Hmm, not sure on that one. A beautiful interface can be better but I suspect it's better to have an uglier consistent and intuitive interface.
I'm a long-term Inkscape user, they recently 'improved' the icons; it all looks wrong (but handsome in a minimalistic, low-visibility of chrome, sort of way) and disturbs my workflow considerably.
A beautiful interface can be better but I suspect it's better to have an uglier consistent and intuitive interface.
I'm not sure why the parent comment was downvoted. If the above statement was intended to mean that being consistent and intuitive is more important than aesthetics then that is almost certainly true, in my experience designing and testing UIs. Of course, the ideal is to have it all by using the aesthetics to support the functionality. Being attractive and being functional aren't mutually exclusive.
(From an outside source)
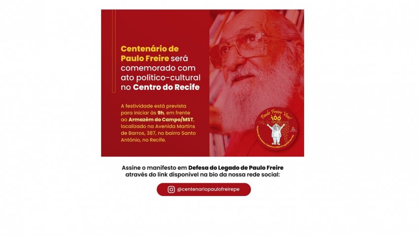 Neste domingo (19), um ato político-cultural no Recife comemora o Centenário de Paulo Freire - considerado uma das maiores referências da educação do mundo. A festividade está prevista para iniciar às 9h, em frente ao Armazém do Campo, localizado na Avenida Martins de Barros, 387, no bairro Santo Antônio. Na ocasião, os participantes seguirão em cortejo até o Marco Zero.

This is where, IMHO, a lot of generic minimalist/flat designs following the current trend go wrong: they sacrifice so much detail and so many possible ways to be visually distinctive or interactive that what remains inevitably all looks very similar and loses some of the visual cues that could help to guide the user in how the system works.
>Being attractive and being functional aren't mutually exclusive. //
But being fashionable and being functional are often opposing forces.
Seems to me flat web design was a reaction as the antithesis of an over-indulgence in skeuomorphism. We just appear to have thrown out a lot of affordance and visibility in that reaction.
I'm not sure exactly what you mean by "over-indulgence in skeuomorphism". However, if you're suggesting that the previous trend of almost photorealistic visual styles could sometimes become too detailed/cluttered/noisy or that UIs in that style sometimes lost cohesion because being photorealistic was about the only thing a lot of the iconography and window dressing had in common, then I would agree with both of those points.
Things looking better actually has a positive effect on usability.